Später ein glühender, hitzewabernder Ozean. Daraus steigen glutflüssige Stränge zitternd und langsam, wie Schlangen oder Schleimpilze aus Öl, empor. Tropfen lösen sich aus der leuchtenden Masse, ein gelbliches Magma. Der Ozean kocht. Über dem Gezitter der aufstrebenden Fäden flimmert Glutdunst. Dunkler Himmel, violett, fast schwarz. Es ist ganz still, eine schweigende Hölle.

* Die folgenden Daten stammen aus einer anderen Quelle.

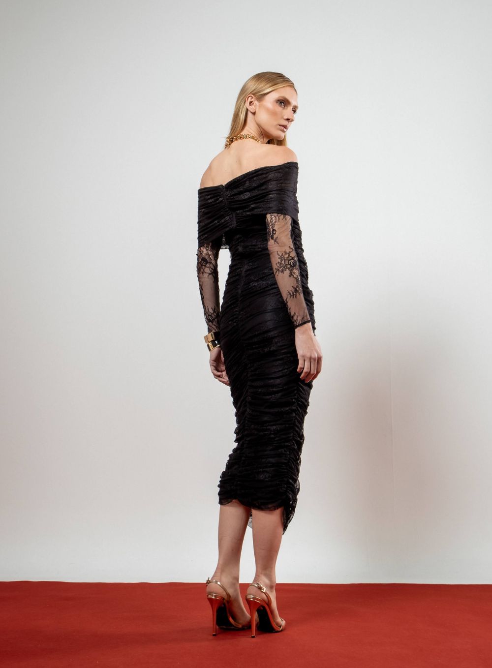 O Vestido Midi Sarah é a definição de elegância escultural: inteiro em renda delicada, com franzidos que envolvem o corpo de forma impecável.
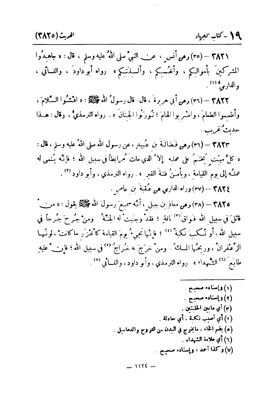 وَعَن معاذِ بن جبلٍ أَنَّهُ سَمِعَ رَسُولَ اللَّهِ صَلَّى اللَّهُ عَلَيْهِ وَسَلَّمَ يَقُولُ: «مَنْ قَاتَلَ فِي سَبِيلِ اللَّهِ فَوَاقَ نَاقَةٍ فَقَدْ وَجَبَتْ لَهُ الْجَنَّةُ وَمَنْ جُرِحَ جُرْحًا فِي سَبِيلِ اللَّهِ أَوْ نُكِبَ نَكْبَةً فَإِنَّهَا تَجِيءُ يَوْمَ الْقِيَامَةِ كَأَغْزَرِ مَا كَانَتْ لَوْنُهَا الزَّعْفَرَانُ وَرِيحُهَا الْمِسْكُ وَمَنْ خَرَجَ بِهِ خُرَاجٌ فِي سَبِيلِ اللَّهِ فَإِنَّ عَلَيْهِ طَابَعُ الشُّهَدَاءِ» . رَوَاهُ التِّرْمِذِيُّ وَأَبُو دَاوُدَ وَالنَّسَائِيُّ
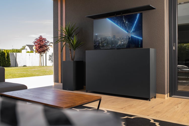 Outdoor TV Lift Schrank-Anthrazit - 1590 x 341 x 1005 mm (Länge x Breite x Höhe) - Schrank mit Hebemechanismus zur Aufbewahrung von Fernsehgeräten im Freien - Hebemechanismus mit Fernbedienung
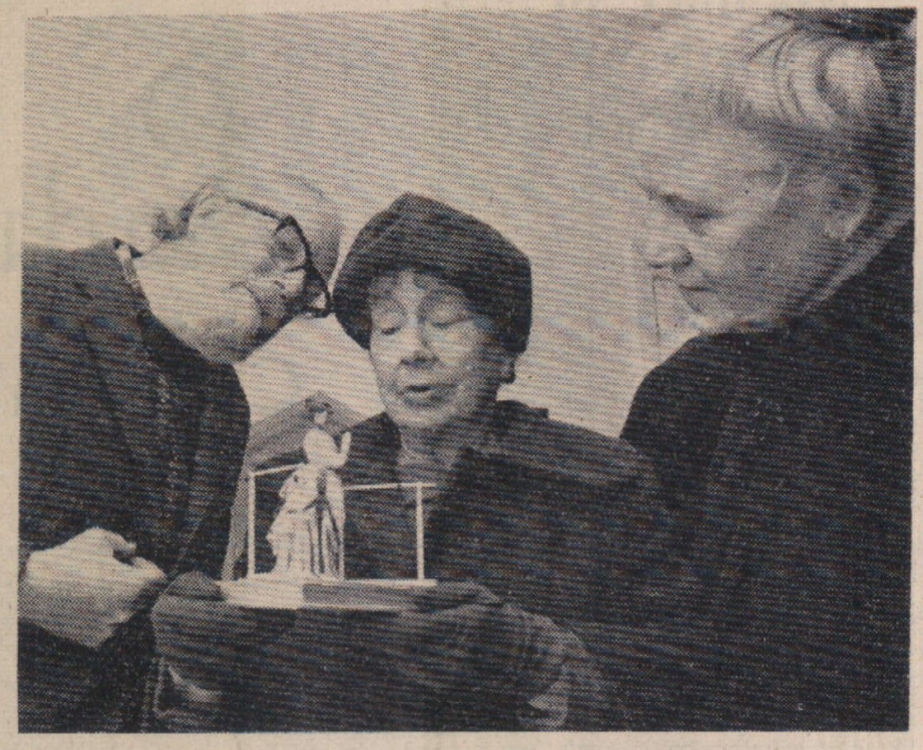 A Judith Ackland memorial exhibition was held at the Beaford Centre. She was a pupil at the Bideford School of Art and President of the westward Ho! Arts Society and her work was displayed in London. Miss Stella Edwards, her companion, and neighbours, Mr and Mrs F. Sutton from Bucks Mills, admire one of her models.

Später im Wasser. Ich schwimme. Da sind noch andere Menschen mit mir. Rotbraune Flächen aus irgendeiner Säure schwappen träge auf der sanften Dünung. Jemand sagt, daß es Säure ist. Ich weiß nicht, ob ich es berührt habe. Ich spüre nichts.
Dann an Land. Ein felsiges, kahles Ufer. Ich klettere barfuß über Klippen. Andere Menschen sind auch da. Überlebende? Da liegt ein Stein mit so etwas wie einer Inschrift. Ich freue mich. Irgendeiner lacht aber wütend über mich, will den Stein, den Text darauf, weghaben. Für mich ist er ein Überbleibsel, eine Erinnerung, eine Hoffnung. Ein Bewahren. Der andere weist mich ruppig darauf hin, daß das ein christlicher Text sei, in einem Ton, der mir sagt, daß mir das doch klar sein müsse. Und wirklich, da ist ein Symbol, ein Fisch? Ein Kreuz?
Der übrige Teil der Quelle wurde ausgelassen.